# New Columns for 08 Pics!



## kciaccio (Jul 27, 2007)

I finally finished my new columns. I just have to make and attach the signs I will be putting under the light fixture. Thanks to seeing some of others ideas I think they came out well and will be very useful. I will probably add a in wall speaker to them by next year. Right now I have three light fixtures in each column. One two bulb flood light fixture inside to light up the top.(picture was taken with only one red flood installed because I was too lazy to go up in crawl space to get lights down from last halloween) One front lamp fixture to light up sign I will soon be making. And the eye ball light that adjusts so I can shoot light onto my cemetary.


----------



## Ghostess (Aug 21, 2005)

Nice work!


----------



## Lady Nyxie (Aug 30, 2006)

Great job!


----------



## spideranne (Jul 17, 2006)

Nice job, especially like the lighting. Everyone seems to be working on columns this year and they all are so unique, it's great.


----------



## beelce (Jul 21, 2007)

Looks great....nice work


----------



## cerinad (Jun 23, 2008)

Very Nice!!!


----------



## Black Cat (Aug 20, 2005)

I like those, very nice touch with the extra lighting.


----------



## turtle2778 (Jul 9, 2006)

Excellent job!!


----------



## Aelwyn (Jul 7, 2008)

Love them!


----------



## Lilly (Jun 13, 2006)

those are nice...
good job on the lighting too


----------



## Hellvin (Jul 6, 2008)

Nice work


----------



## kciaccio (Jul 27, 2007)

Thanks! You might have given me enough incentive to make a third one now!


----------



## dynoflyer (Oct 8, 2006)

Very nice! Is the top open, where the red flood is shining? Could you plumb it for a small fog machine and a chiller?
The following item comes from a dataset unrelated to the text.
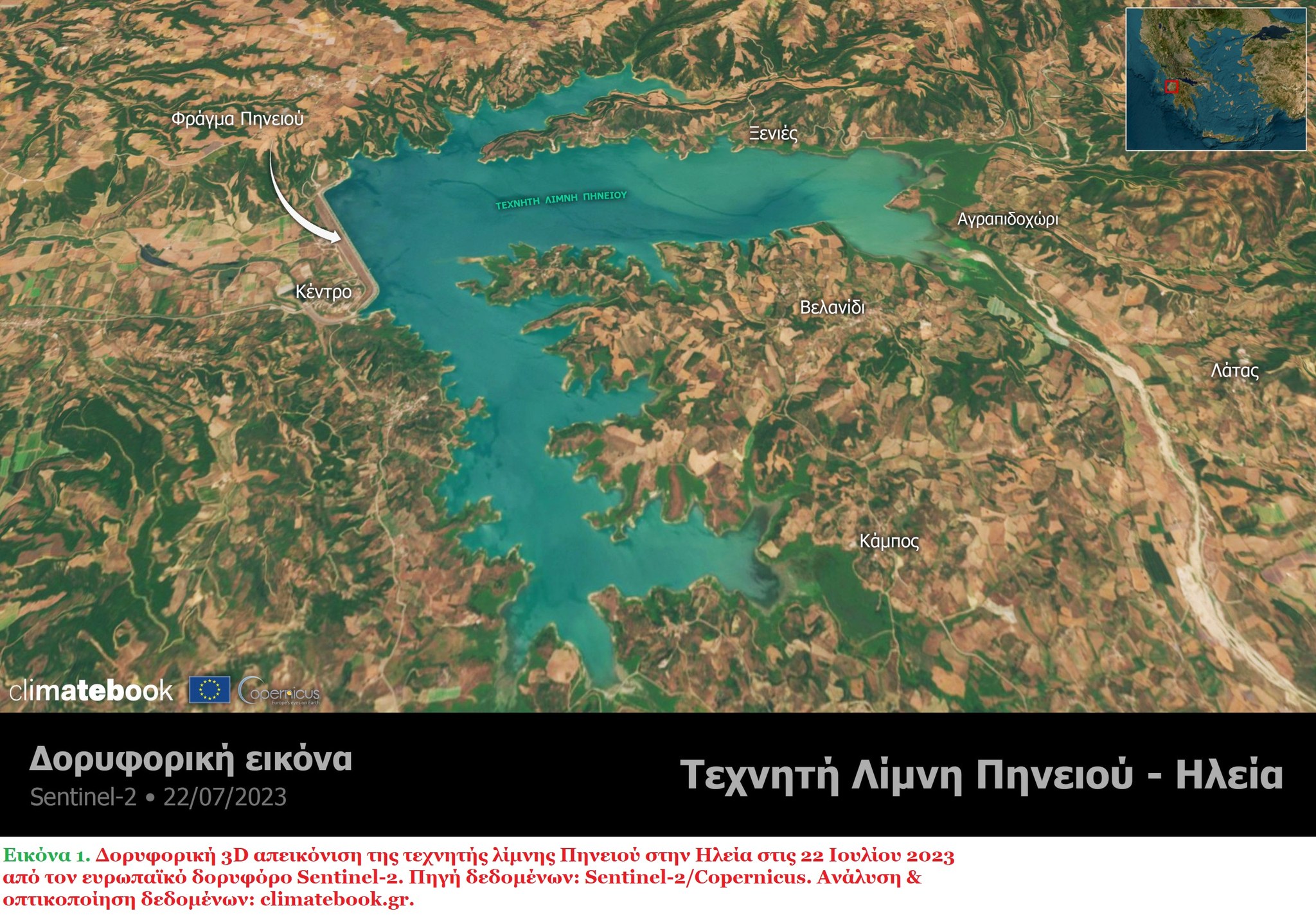 Εικόνα 1. Δορυφορική 3D απεικόνιση της τεχνητής λίμνης Πηνειού στην Ηλεία στις 22 Ιουλίου 2023 από τον ευρωπαϊκό δορυφόρο Sentinel-2.

Might be cool to see red fog coming out. 

Really great work!


----------



## kciaccio (Jul 27, 2007)

My thoughts exactly, I used screen material around the sides for that very reason.


----------



## Spider Rider (Nov 8, 2006)

Those are nice. It should look creepy with chilled fog dripping down the sides. Great idea kciaccio!


----------